- TASK DIRECTIONS
In the listing below, find the line with "The 1992/93 Sevilla" and the line with "2026年3月2日,河南开封", then return them and every line between them exactly, minus the pictures.

- DATA TO EXAMINE
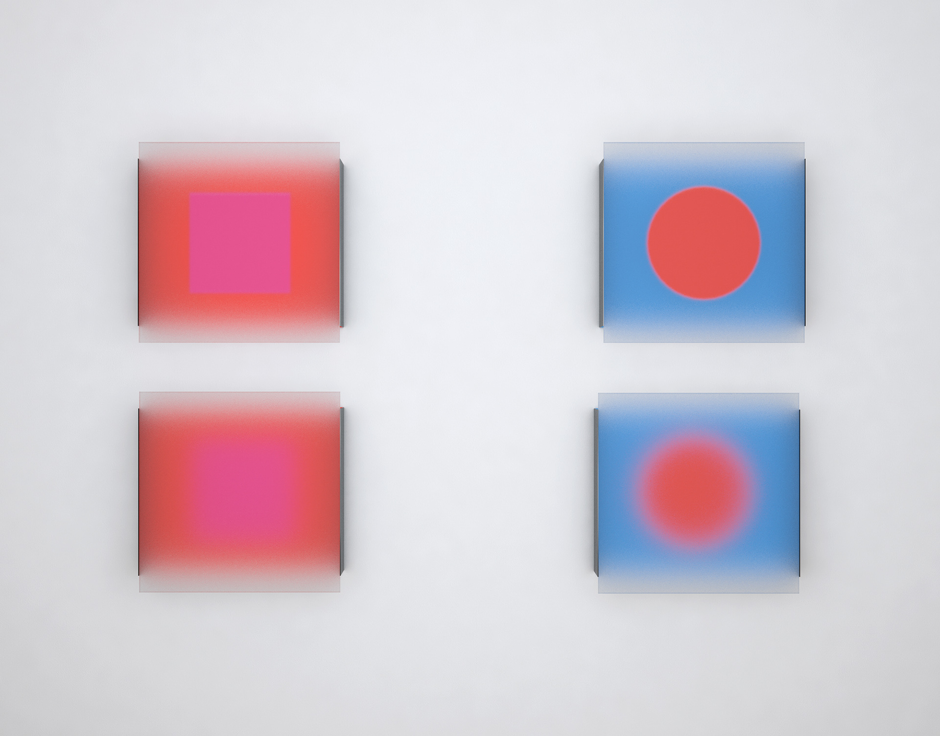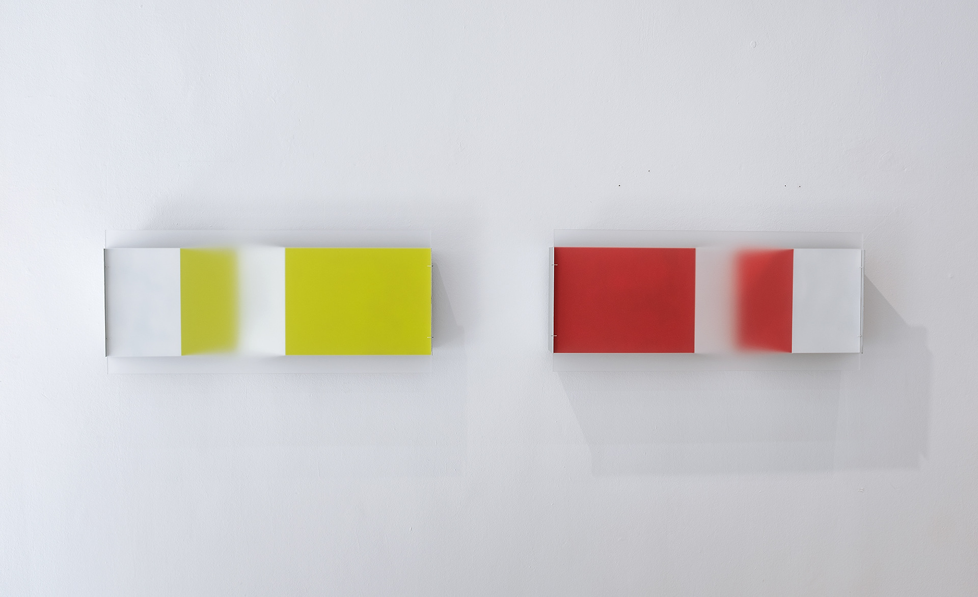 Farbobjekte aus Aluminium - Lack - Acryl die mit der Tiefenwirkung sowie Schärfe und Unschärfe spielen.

* * *

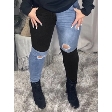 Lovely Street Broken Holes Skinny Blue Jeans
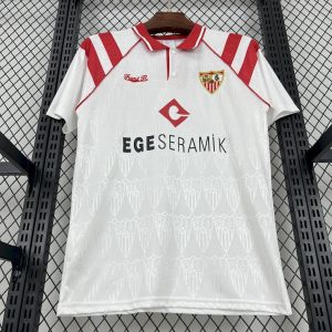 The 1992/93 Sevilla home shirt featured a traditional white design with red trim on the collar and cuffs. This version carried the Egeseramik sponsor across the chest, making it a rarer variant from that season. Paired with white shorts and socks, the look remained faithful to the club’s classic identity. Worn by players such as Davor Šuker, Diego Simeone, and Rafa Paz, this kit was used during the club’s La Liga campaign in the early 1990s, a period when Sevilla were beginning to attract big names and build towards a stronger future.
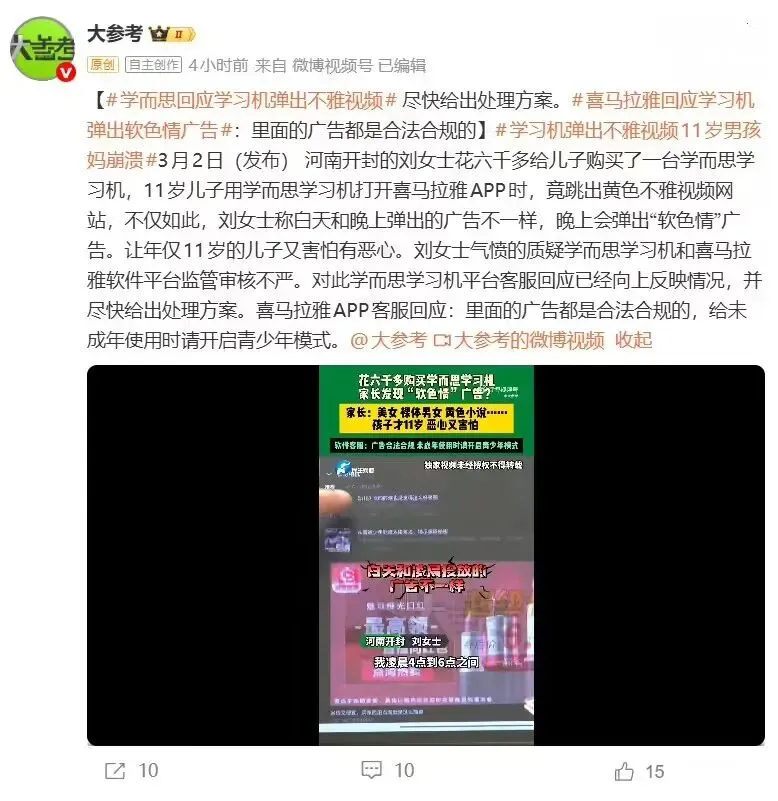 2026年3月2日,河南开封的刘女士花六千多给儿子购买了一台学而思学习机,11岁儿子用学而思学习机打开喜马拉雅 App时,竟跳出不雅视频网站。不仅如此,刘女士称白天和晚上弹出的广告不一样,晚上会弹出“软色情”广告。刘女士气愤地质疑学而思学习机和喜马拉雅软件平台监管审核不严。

* * *

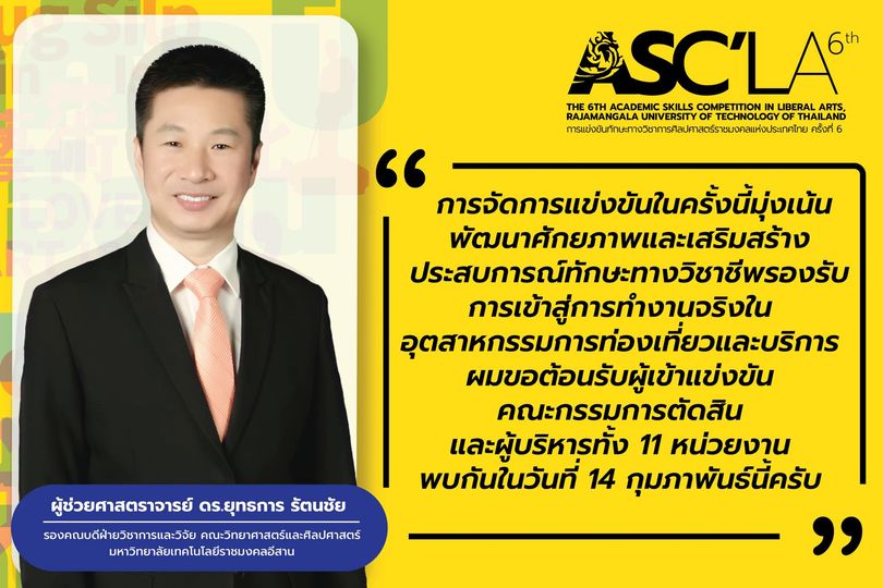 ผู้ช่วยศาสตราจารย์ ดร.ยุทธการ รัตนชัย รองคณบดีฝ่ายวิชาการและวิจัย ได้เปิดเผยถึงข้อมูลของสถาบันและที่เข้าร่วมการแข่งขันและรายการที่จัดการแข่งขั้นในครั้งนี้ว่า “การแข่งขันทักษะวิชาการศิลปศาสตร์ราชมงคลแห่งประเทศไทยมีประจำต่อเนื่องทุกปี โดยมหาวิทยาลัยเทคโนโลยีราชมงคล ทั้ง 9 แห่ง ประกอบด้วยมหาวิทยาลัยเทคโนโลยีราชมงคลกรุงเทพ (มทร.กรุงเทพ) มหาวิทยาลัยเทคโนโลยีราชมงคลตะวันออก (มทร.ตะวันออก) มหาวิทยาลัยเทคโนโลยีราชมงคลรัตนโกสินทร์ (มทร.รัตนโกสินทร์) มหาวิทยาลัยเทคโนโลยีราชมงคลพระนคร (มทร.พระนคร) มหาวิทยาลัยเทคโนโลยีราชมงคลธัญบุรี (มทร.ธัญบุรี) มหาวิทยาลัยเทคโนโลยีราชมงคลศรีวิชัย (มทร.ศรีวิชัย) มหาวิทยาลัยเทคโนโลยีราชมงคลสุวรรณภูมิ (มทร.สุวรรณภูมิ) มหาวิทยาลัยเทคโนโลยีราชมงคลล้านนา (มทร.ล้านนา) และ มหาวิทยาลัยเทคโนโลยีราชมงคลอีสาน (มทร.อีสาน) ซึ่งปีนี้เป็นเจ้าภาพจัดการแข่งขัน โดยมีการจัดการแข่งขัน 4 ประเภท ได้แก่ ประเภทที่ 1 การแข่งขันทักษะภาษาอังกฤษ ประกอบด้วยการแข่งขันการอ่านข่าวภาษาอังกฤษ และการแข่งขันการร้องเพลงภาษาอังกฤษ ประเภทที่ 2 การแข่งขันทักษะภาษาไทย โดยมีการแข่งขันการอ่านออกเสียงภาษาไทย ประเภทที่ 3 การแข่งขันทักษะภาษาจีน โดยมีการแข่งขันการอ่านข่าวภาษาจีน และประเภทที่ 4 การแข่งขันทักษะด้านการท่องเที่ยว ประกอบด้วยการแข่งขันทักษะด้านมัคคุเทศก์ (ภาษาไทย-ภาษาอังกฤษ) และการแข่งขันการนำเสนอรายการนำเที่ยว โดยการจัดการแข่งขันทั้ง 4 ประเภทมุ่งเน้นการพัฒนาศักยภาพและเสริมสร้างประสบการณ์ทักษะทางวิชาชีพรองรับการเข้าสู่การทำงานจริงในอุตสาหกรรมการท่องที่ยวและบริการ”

- WRITTEN RESPONSE
 The 1992/93 Sevilla home shirt featured a traditional white design with red trim on the collar and cuffs. This version carried the Egeseramik sponsor across the chest, making it a rarer variant from that season. Paired with white shorts and socks, the look remained faithful to the club’s classic identity. Worn by players such as Davor Šuker, Diego Simeone, and Rafa Paz, this kit was used during the club’s La Liga campaign in the early 1990s, a period when Sevilla were beginning to attract big names and build towards a stronger future.
 2026年3月2日,河南开封的刘女士花六千多给儿子购买了一台学而思学习机,11岁儿子用学而思学习机打开喜马拉雅 App时,竟跳出不雅视频网站。不仅如此,刘女士称白天和晚上弹出的广告不一样,晚上会弹出“软色情”广告。刘女士气愤地质疑学而思学习机和喜马拉雅软件平台监管审核不严。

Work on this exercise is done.